Secure Transmission in MISOME Wiretap Channel With Multiple Assisting Jammers: Maximum Secrecy Rate and Optimal Power Allocation

This paper investigates the secrecy rate maximization problem for the multiple-input-single-output multipleantenna- eavesdropper (MISOME) wiretap channel with multiple randomly located jammers. The multi-antenna base station (BS) transmits information signals along with artificial noise (AN) to disturb the eavesdropper. Moreover, the friendly jammers are properly selected to assist the legitimate link for better secure transmission with some payoffs. With this system model, we first formulate a Stackelberg game between the BS and the assisting jammers with full channel state information. Stackelberg equilibriums, including optimal fraction of transmit power for AN, optimal transmit power, and asking prices of assisting jammers, are first proved to exist and then analytically derived.

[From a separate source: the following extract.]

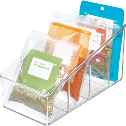 The iDesign Plastic Storage Organizer Bin is the perfect solution for organizing your kitchen, fridge, freezer, pantry, and cabinets. Made from high-quality, BPA-free plastic, this storage bin is durable and safe for storing food items. The clear design allows you to easily see what’s inside, making it easy to find what you need. The built-in handles make it easy to carry and move the bin around, while the compact size of 10.5″ x 5″ x 5″ makes it perfect for fitting into tight spaces. Whether you’re looking to organize your pantry, keep your fridge tidy, or store snacks in your cabinet, the iDesign Plastic Storage Organizer Bin is the perfect solution.

A policy iterative algorithm is also proposed to obtain the optimal solutions. We then extend the Stackelberg game to the case of MISOME broadcast wiretap channel with channel distribution information of eavesdropper. Numerical results verify the accuracy of the derived results and the efficiency of the proposed algorithm. The results reveal that the proposed jammer-assisted secure transmission can greatly improve the secrecy performance and meanwhile save more energy for information signals, which is significant for future wireless communication.